» Work to be completed
Nothing outside the lines below from the one containing "de la construction." through the one containing "Ja. Sie rollt" is to be printed; print those exactly, ends included, and drop the pictures.

» Given entries
Start of Block

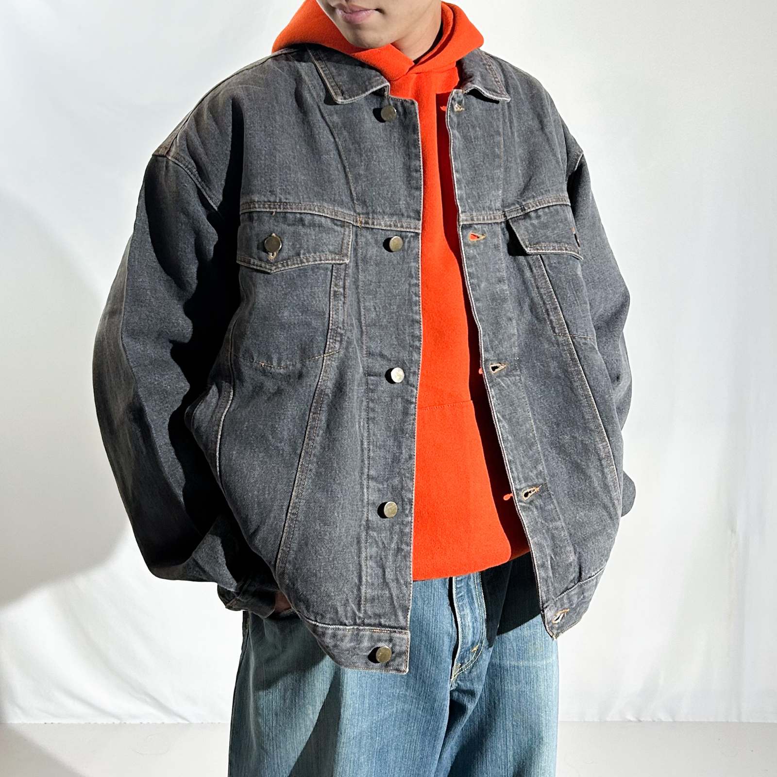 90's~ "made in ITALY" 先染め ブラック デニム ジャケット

End of Block
Start of Block

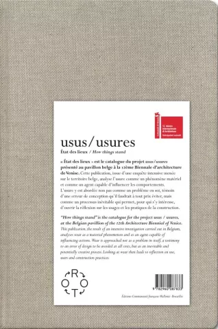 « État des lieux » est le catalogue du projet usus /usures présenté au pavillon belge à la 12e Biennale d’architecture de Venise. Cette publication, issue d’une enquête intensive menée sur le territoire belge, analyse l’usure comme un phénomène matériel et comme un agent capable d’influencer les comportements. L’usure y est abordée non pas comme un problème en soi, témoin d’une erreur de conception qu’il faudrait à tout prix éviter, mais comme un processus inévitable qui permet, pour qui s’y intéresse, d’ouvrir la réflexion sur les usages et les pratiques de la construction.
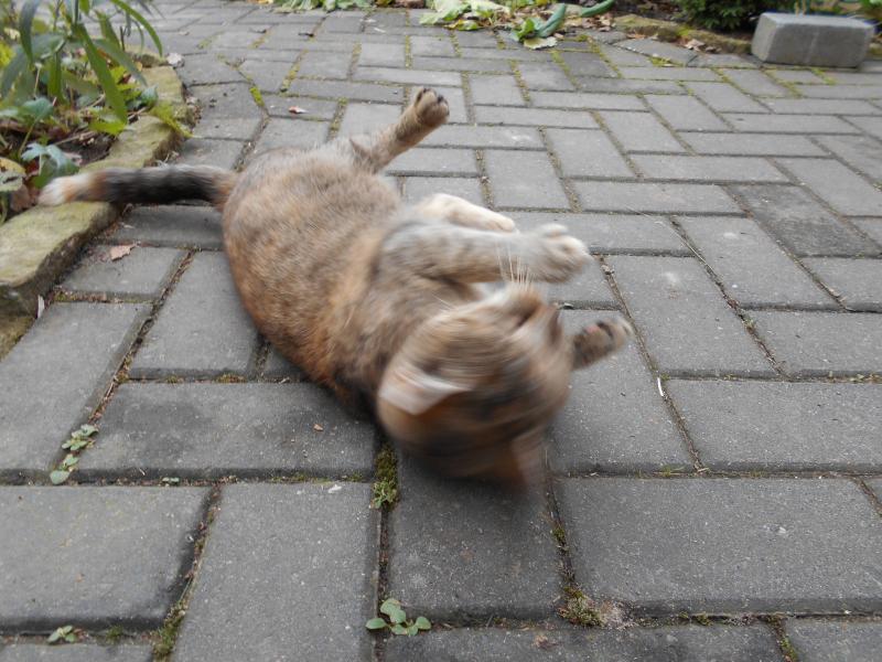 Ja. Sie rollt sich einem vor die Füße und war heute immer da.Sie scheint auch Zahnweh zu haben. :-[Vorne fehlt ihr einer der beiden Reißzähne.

End of Block

» Result of this exercise
 « État des lieux » est le catalogue du projet usus /usures présenté au pavillon belge à la 12e Biennale d’architecture de Venise. Cette publication, issue d’une enquête intensive menée sur le territoire belge, analyse l’usure comme un phénomène matériel et comme un agent capable d’influencer les comportements. L’usure y est abordée non pas comme un problème en soi, témoin d’une erreur de conception qu’il faudrait à tout prix éviter, mais comme un processus inévitable qui permet, pour qui s’y intéresse, d’ouvrir la réflexion sur les usages et les pratiques de la construction.
 Ja. Sie rollt sich einem vor die Füße und war heute immer da.Sie scheint auch Zahnweh zu haben. :-[Vorne fehlt ihr einer der beiden Reißzähne.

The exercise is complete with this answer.